The challenge still remains to find an effective porous silica → porous silicon conversion methodology which maintains nanostructural regularity for a wide variety of porous silica structures as bulk materials irrespective of morphology. Herein, we introduce a route described in Scheme 1 below, which employs Mg_xM_y intermetallics as the reductants to gently convert silica nanostructures such as SBA-15 into their silicon replicas. The morphological and nanostructural features of the mesoporous silica are retained in their silicon replica without triggering over-reduction.

Scheme 1 2Mg_xM_y + xSiO₂ → xSi + 2yM + 2xMgO (M = Sn, Sb, Si).

To realize the reaction in Scheme 1, the electronegativity of M in the intermetallic needs to be comparable or higher than that of silicon. In order to maintain the structure of the starting silica material, the enthalpy of the reaction needs to be weakly negative to prevent the highly exothermic reaction which gives rise to internally generated local heating that collapses the porous structure. Eqn. (1)–(5) show the reactions when Mg, Mg vapour, Mg₂Sn, Mg₃Sb₂ and Mg₂Si are used, respectively. The reactants and products are in their solid state unless otherwise specified.

2Mg + SiO₂ → Si + 2MgO, ΔH = −292 kJ mol⁻¹ (1)

2Mg_(g) + SiO₂ → Si + 2MgO, ΔH = −219 kJ mol⁻¹ (2)

Mg₂Sn + SiO₂ → Si + Sn + 2MgO, ΔH = −227 kJ mol⁻¹ (3)

2Mg₃Sb₂ + 3SiO₂ → 3Si + 4Sb + 6MgO, ΔH = −102 kJ mol⁻¹ (4)

Mg₂Si + SiO₂ → Si + Si* + 2MgO, ΔH = −221 kJ mol⁻¹ (5)

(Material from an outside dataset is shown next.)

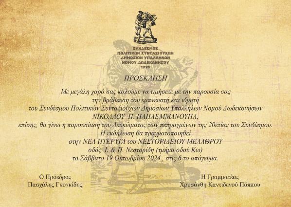 Σας ενημερώνουμε ότι στις 19 Οκτωβρίου 2024, ημέρα Σάββατο και ώρα 18:00, ο Σύνδεσμος Πολιτικών Συνταξιούχων ...
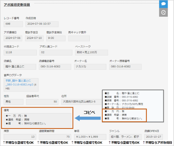 ・備考欄へ獲得テンプレの赤枠3項目を貼付

The enthalpy changes per mole of silicon extracted from silica in the reactions (1)–(5) are calculated based on basic thermodynamic data.¹⁵ Note that Si* represents the silicon phase that originates from Mg₂Si, which can be separated on the basis of density. The intermetallics, Mg_xM_y (M = Si, Sn, Sb) exhibit more positive enthalpy changes than pure Mg due to their increased lattice energy arising from the polarized Mg–M bond. Heat capacities of different reaction mixtures can be estimated with the Dulong–Petit equation (c = 3R/M, where R is the gas constant, and M is the molar mass). The maximum temperature rises can therefore be calculated. They are 2131 °C for the SiO₂/Mg (1 : 1 in mass) mixture, 603 °C for the SiO₂/Mg₃Sb₂ (1 : 4 in mass) mixture and 1147 °C for the SiO₂/Mg₂Si (1 : 2 in mass) mixture under adiabatic conditions. The practical values will be less since the flowing argon gas carries away some heat and heat is also lost to the reaction container. The values shed light on the large difference in local reaction temperatures between different reduction reactions.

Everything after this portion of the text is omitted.